## Your assignment:
Would you give back exactly the lines from the line with "La Salle de" through the end of the entries below, both included, but none of the pictures?

## Records for the exercise:

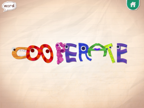 但是二隻小怪獸通力合作,就可以把板子搬起來囉~~原來這就是「COOPERATE]」的意思啦!!是不是設計的很可愛!!
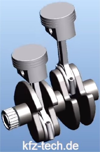 Die vertikalen Bewegungen des Motors sind ausgeglichen. Jedoch die jeweils unterschiedliche Pleuelauslenkung erzeugt Drehschwingungen, die z.B. durch Ausgleichswellen
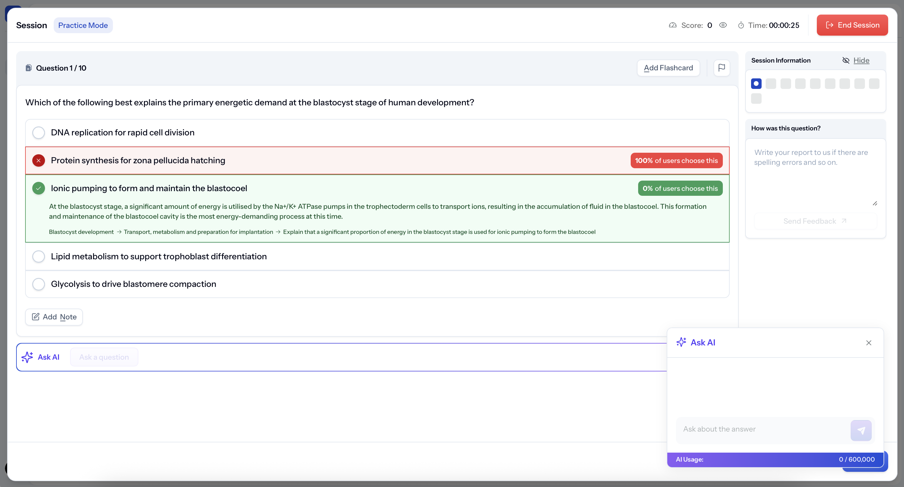 You can also ask AI to explain mistakes, add notes, or create flashcards for later revision.
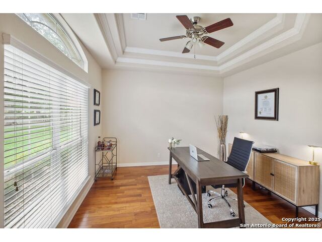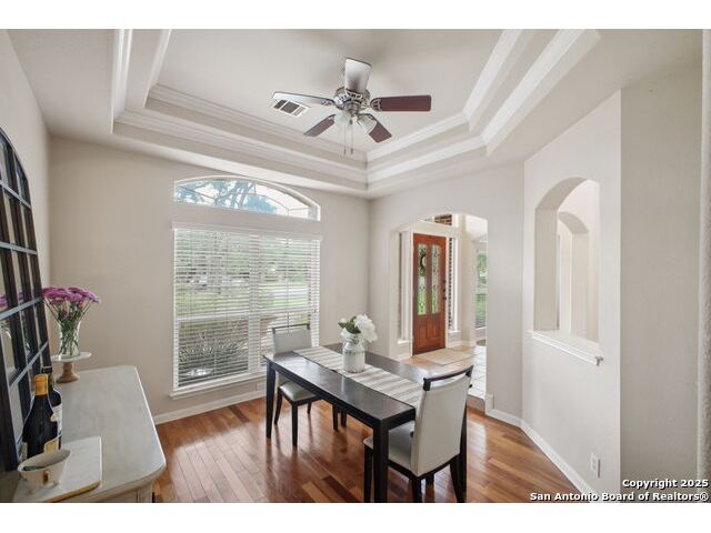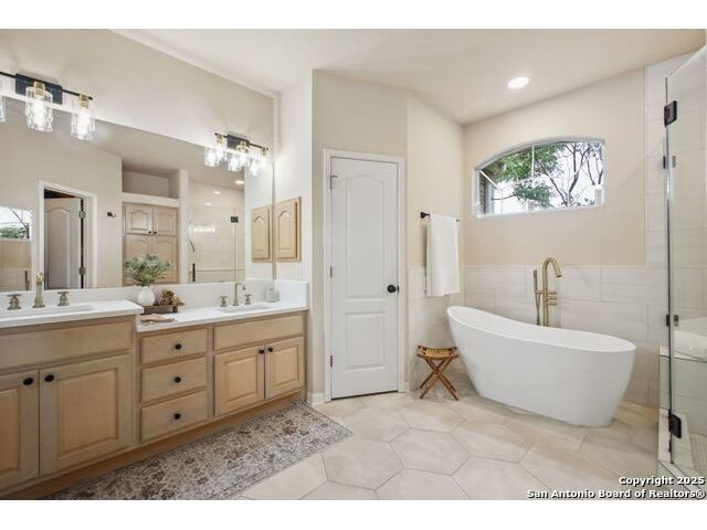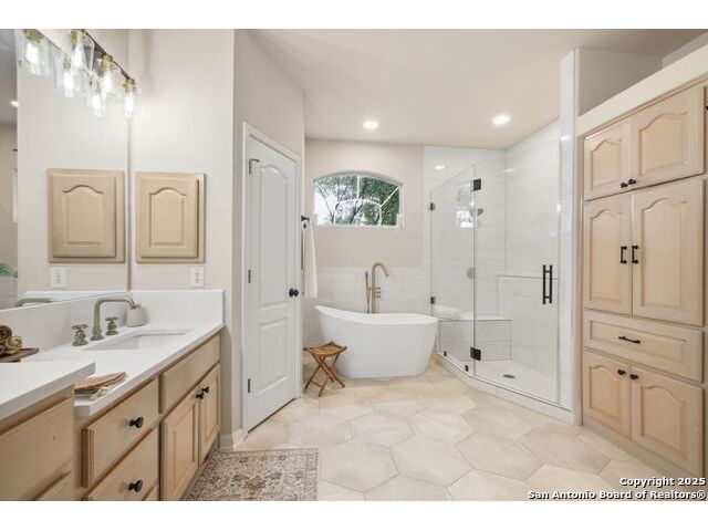 Golf Course Living at Its Finest in Fair Oaks Ranch. A rare gem tucked inside the prestigious Fair Oaks Ranch community. Directly on the fairway of the Live Oak Course designed by the legend Gary Player. With 1.03 acres of manicured Hill Country land, this estate delivers unmatched space, privacy, and views that only a golf course home can provide. From the moment you arrive, you'll be drawn in by the elegant curb appeal and the home's soaring 24-foot atrium entry. Inside, over 2,900 sq. feet of refined living space offers comfort and functionality. With 4 bedrooms, 3.5 bathrooms, and a thoughtfully renovated 1st floor primary suite. The kitchen is designed to impress with quartz countertops, updated backsplash, new cabinet hardware, and an open layout perfect for entertaining. A custom upgraded wood-burning fireplace adds charm and warmth to the living area, blending style with functionality. Additional upgrades include a newer roof, rain gutters, water softener, modern lighting, and enhanced washroom finishes. Observe all types of wildlife from your back porch. Including Deer, Axis, Foxes and Ducks. Fair Oaks Ranch Country Club amenities are just moments away, offering two 18-hole courses, tennis, pickleball, swimming, and a state-of-the-art fitness center. Zoned to top-rated Boerne ISD and ideally located near both San Antonio and Boerne.
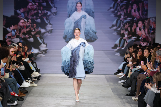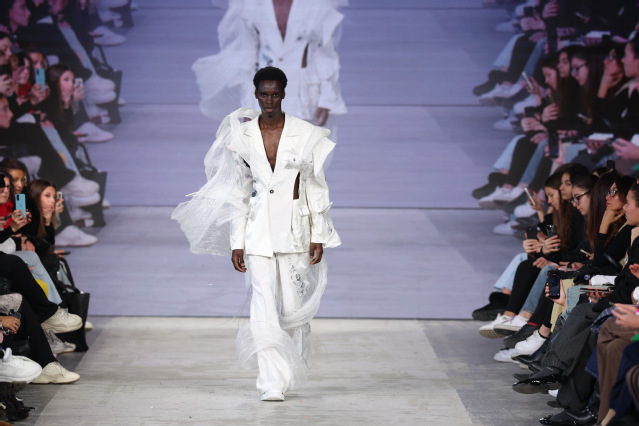 当地时间2025年10月29日,意大利大学生时装周米兰Tortona展区上演了一场以“艺术与科技”为主题时尚对话。活动以服装为载体,探索“科技与美”融合的多元可能性,呈现了一系列具有实验性的未来可穿戴设计。南京艺术学院设计学院姬益波教授率队参与,集中展示了19套优秀服装设计作品。这些作品均立足艺科融合的创作理念,结合数字技术,运用算法生成的非遗纹样,并采用零废料激光切割、3D打印一次成型等数字化工艺,向世界展示中国设计教育对产业前沿问题的深入探索,体现了南艺近年来在设计教育领域取得的显著成果。
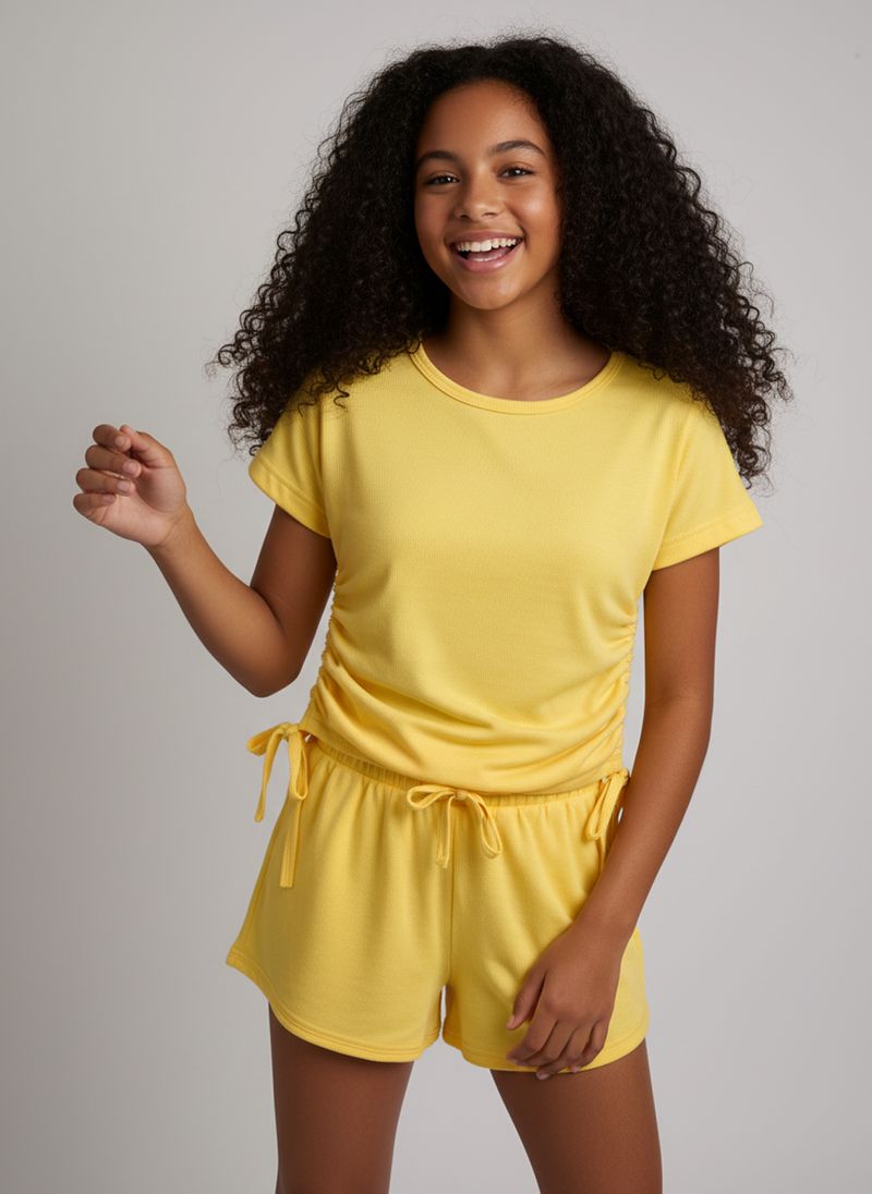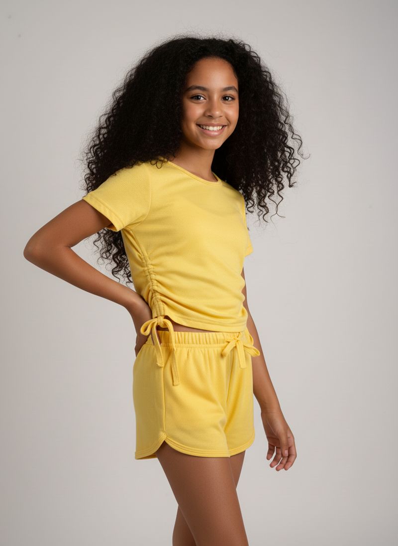 Combine o conjunto amarelo com tênis brancos para um look casual e divertido. Para um toque mais despojado, adicione uma jaqueta jeans clara ou um colete. Sandálias coloridas ou sapatilhas completam o visual com charme. Acessórios como bonés e mochilas pequenas também são ótimas opções para criar looks completos e cheios de personalidade.
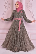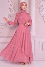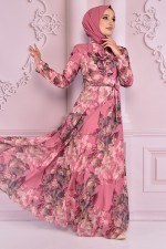Kuşaklı Şifon Elbise Gül Kurusu NEV14312
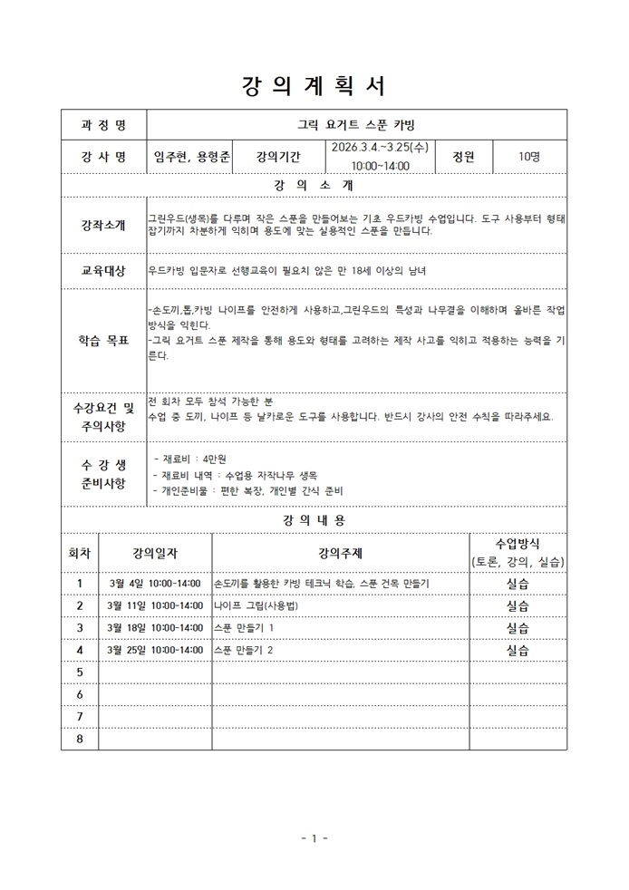 도구 사용부터 형태 잡기까지 차분하게 익히며 용도에 맞는 실용적인 스푼을 만듭니다.
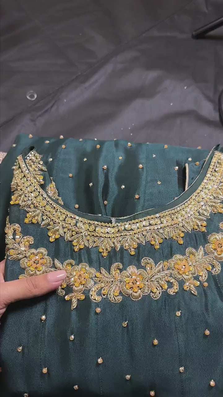The Anisha Maxi is a statement of unyielding luxury, presented in a commanding Deep Emerald Green—a color synonymous with regal power and traditional elegance, perfect for high-profile Party wear. The Maxi silhouette is crafted entirely from premium Silk, ensuring a rich texture and exquisite, fluid drape that is both sculptural and effortlessly graceful. The dense hand-embellishment provides a breathtaking contrast against the deep hue, making the wearer the undeniable focal point. This is heirloom-quality Pakistani formal wear, sourced factory-direct from the Mochi Gate ateliers, securing you access to elite, authentic quality while bypassing the designer markup entirely.
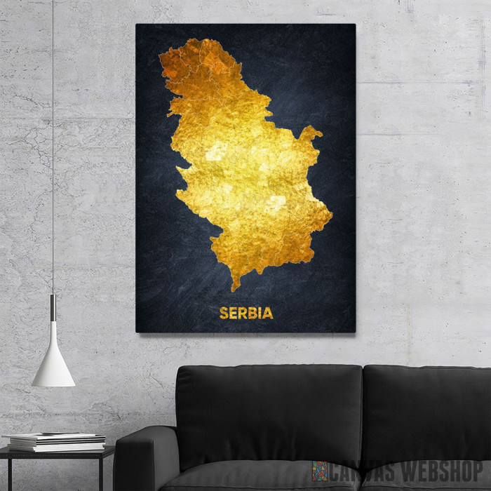 Srbija mapa je slika odštampana na kvalitetnom pamučnom platnu koje je zategnuto na ram od bukovog drveta. Slika Srbija mapa je dostupna u različitim dimenzijama.
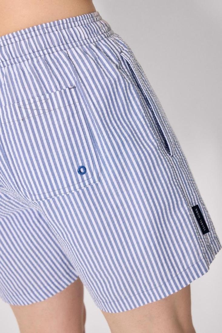 Diseñado con un moderno estampado de rayas en color azul, este bañador combina elegancia y versatilidad, ideal para cualquier ocasión. Incluye 2 bolsillos laterales y 1 bolsillo trasero para que puedas llevar tus pertenencias de forma cómoda y segura. Además, cuenta con un suspensor interior de malla blanca , lo que ofrece un ajuste perfecto y una mayor comodidad durante su uso. El cierre con cordón permite un ajuste personalizado, asegurando que el bañador se adapte perfectamente a tu cuerpo.
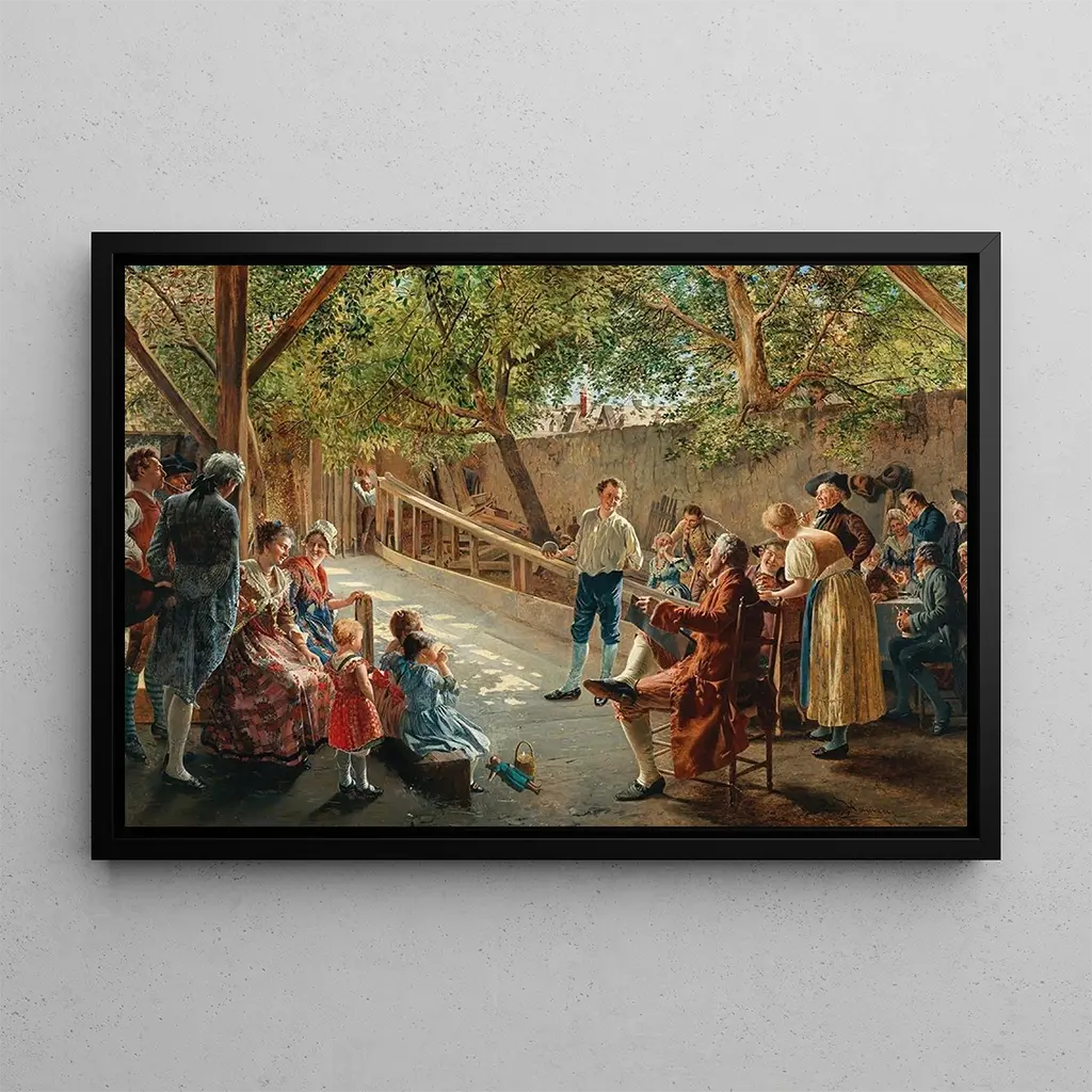 La Salle de quilles af Johann Hamza tager os med ind i en livlig og energisk scene, hvor man kan mærke begejstringen af et delt fritidsøjeblik. De varme og lyse farver, kombineret med en delikat maleteknik, giver liv til figurerne, der beskæftiger sig med keglerne. De glade udtryk og de dynamiske gestus fra spillerne skaber en festlig og kammeratlig atmosfære. Hvert detalje, fra tøjet til tilbehøret, vidner om en omhyggelig opmærksomhed, hvilket gør dette kunsttryk fængslende og fordybende.
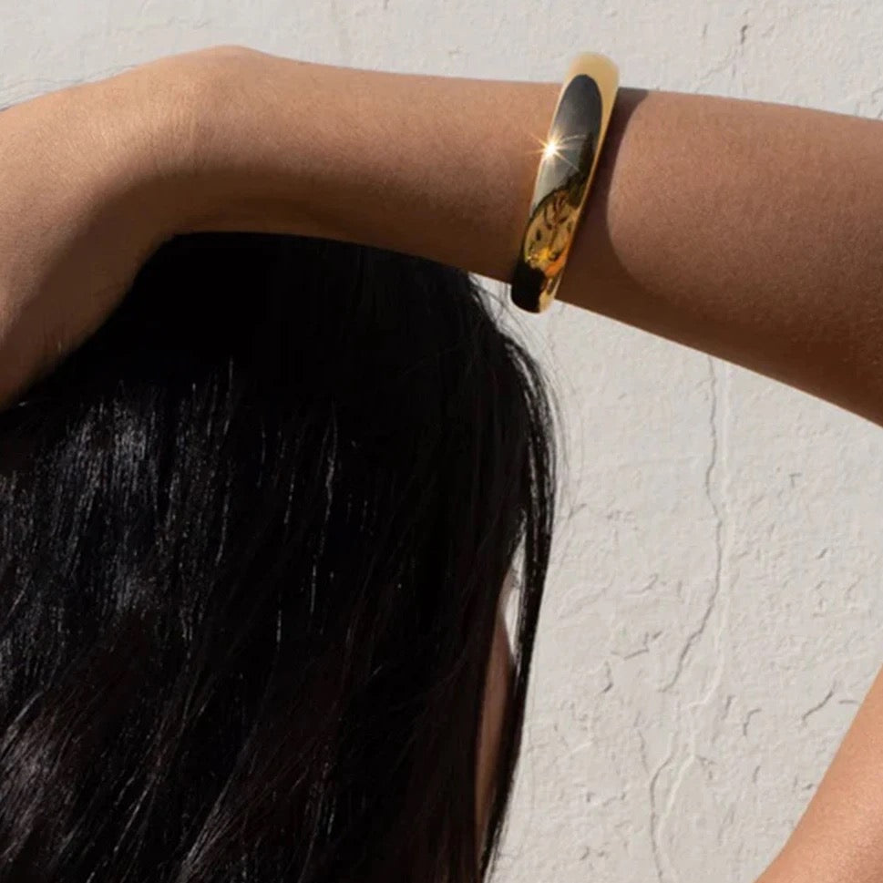 The Solara Bangle is a seamless fusion of elegance and simplicity, crafted from stainless steel with a polished 18K PVD gold-plated finish that radiates a warm, golden glow. Its sleek, minimalist design makes it a versatile accessory, perfect for adding a touch of sophistication to any outfit. Designed for both comfort and style, the Solara Bangle offers timeless appeal that transitions effortlessly from day to night.
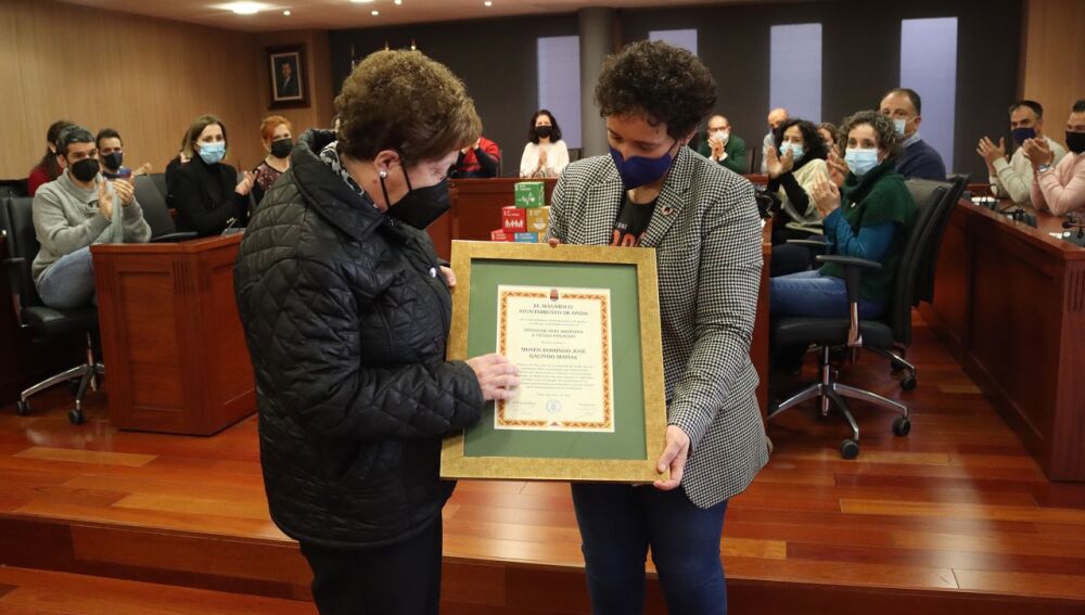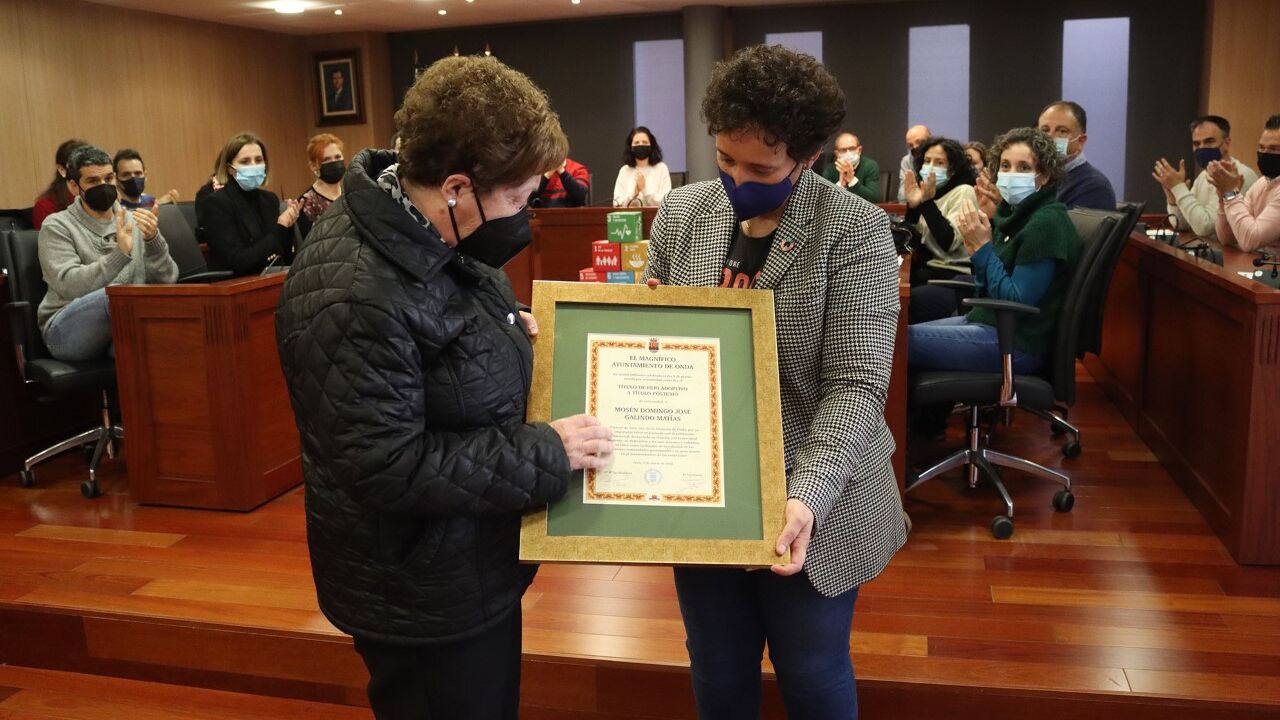 Al finalizar la sesión plenaria, la alcaldesa de Onda, Carmina Ballester ha hecho entrega a la familia del documento acreditativo.

## Result for this task:
 La Salle de quilles af Johann Hamza tager os med ind i en livlig og energisk scene, hvor man kan mærke begejstringen af et delt fritidsøjeblik. De varme og lyse farver, kombineret med en delikat maleteknik, giver liv til figurerne, der beskæftiger sig med keglerne. De glade udtryk og de dynamiske gestus fra spillerne skaber en festlig og kammeratlig atmosfære. Hvert detalje, fra tøjet til tilbehøret, vidner om en omhyggelig opmærksomhed, hvilket gør dette kunsttryk fængslende og fordybende.
 The Solara Bangle is a seamless fusion of elegance and simplicity, crafted from stainless steel with a polished 18K PVD gold-plated finish that radiates a warm, golden glow. Its sleek, minimalist design makes it a versatile accessory, perfect for adding a touch of sophistication to any outfit. Designed for both comfort and style, the Solara Bangle offers timeless appeal that transitions effortlessly from day to night.
 Al finalizar la sesión plenaria, la alcaldesa de Onda, Carmina Ballester ha hecho entrega a la familia del documento acreditativo.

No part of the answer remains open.